La società si occuperò della gestione dei sottopassaggi durante le piogge e monitorerà la situazione

Il comune di Milano ha affidato per i prossimi quattro anni la gestione, la manutenzione e la pulizia delle acque nei 29 sottopassi veicolari e ciclo-pedonali nonché delle relative stazioni di pompaggio e vasche di raccolta delle acque presenti in città a MM Servizi Idrici Integrati. Si è completato così l’affidamento a MM di tutta la rete di drenaggio urbano che comprende anche le acque reflue, la depurazione, il reticolo idrico (rogge e canali), il sistema di raccolta e smaltimento delle acque meteoriche nelle strade con anche le caditoie, per avere un maggiore controllo di tutto il sistema, un pronto intervento più tempestivo e una maggiore efficienza e sicurezza per i cittadini.

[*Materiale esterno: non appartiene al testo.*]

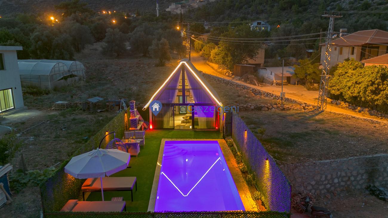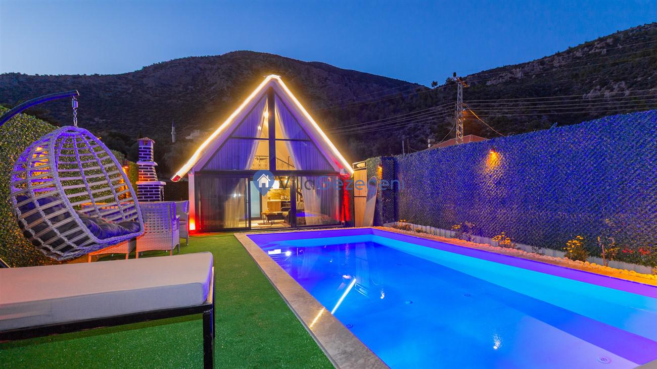 Kaş Kalkan Çayköy Bölgesinde yer alan tek yatak odalı 2 kişi kapasiteli havuzu korunaklı tatil villası.

L'obiettivo è uno solo: limitare i disagi al minimo. Nel 2020 MM ha presidiato sperimentalmente un primo lotto di stazioni di pompaggio, fra cui i sottopassi di via Rubicone e via Astesani, oltre che per la gestione del Seveso, ed ha attuato interventi sulla rete di raccolta in via Fulvio Testi e via Feltre. L'azienda ha implementato un sistema di telecontrollo da remoto con telecamere e sensori, attivo 24 ore su 24, che permette il monitoraggio permanente degli impianti per garantire un’attivazione tempestiva anche delle squadre operative in caso di guasto nonché di supportare la Protezione Civile Comunale in caso di condizioni meteo avverse.

Il sistema di telecontrollo sarà esteso a tutti i sottopassi e permette da remoto e in tempo reale il monitoraggio dei parametri elettrici delle pompe (intensità di corrente, tensione, potenza, intervento delle protezioni, blackout, mancati avviamenti), la registrazione dei trend di livello in vasca e relativa percentuale di volume utile nelle vasche.

Come sono cambiate le piogge a Milano

L’andamento delle piogge degli ultimi anni si è fortemente modificato, le precipitazioni hanno spesso carattere temporalesco, violento, improvviso, con cadute d’acqua molto abbondanti concentrate in brevi periodi, e questo costituisce un grande ‘stress test’ per il sistema delle 140mila caditoie stradali, già gestite da MM, e per le 29 stazioni di sollevamento del sottopasso stradale. Si rende pertanto necessaria una modalità di approccio innovativa per garantire ai cittadini l’accesso in sicurezza a tali strutture.

Per esempio, nel 2020 a Milano si sono registrati 69 giorni di pioggia con un consuntivo annuale accumulato di circa 950 mm (dato in linea con gli anni precedenti). Ma l’andamento pluviometrico è stato discontinuo, caratterizzato da mesi (come gennaio, febbraio, aprile e novembre) durante i quali si sono registrate pochissime precipitazioni e mesi (tra i quali spiccano maggio, giugno e luglio) molto più piovosi della norma.

Il mese più piovoso è stato maggio che ha fatto registrare circa 174 mm di pioggia, di cui oltre 90 mm caduti tra la sera del 14 ed il mattino del 15 determinando un nubifragio che ha creato allagamenti e disagi in tutta la città di Milano. Il giorno più piovoso dell’anno è stato il 24 luglio con circa 64 mm di pioggia, anch’esso caratterizzato da un nubifragio con conseguenti ripercussioni sulla viabilità stradale.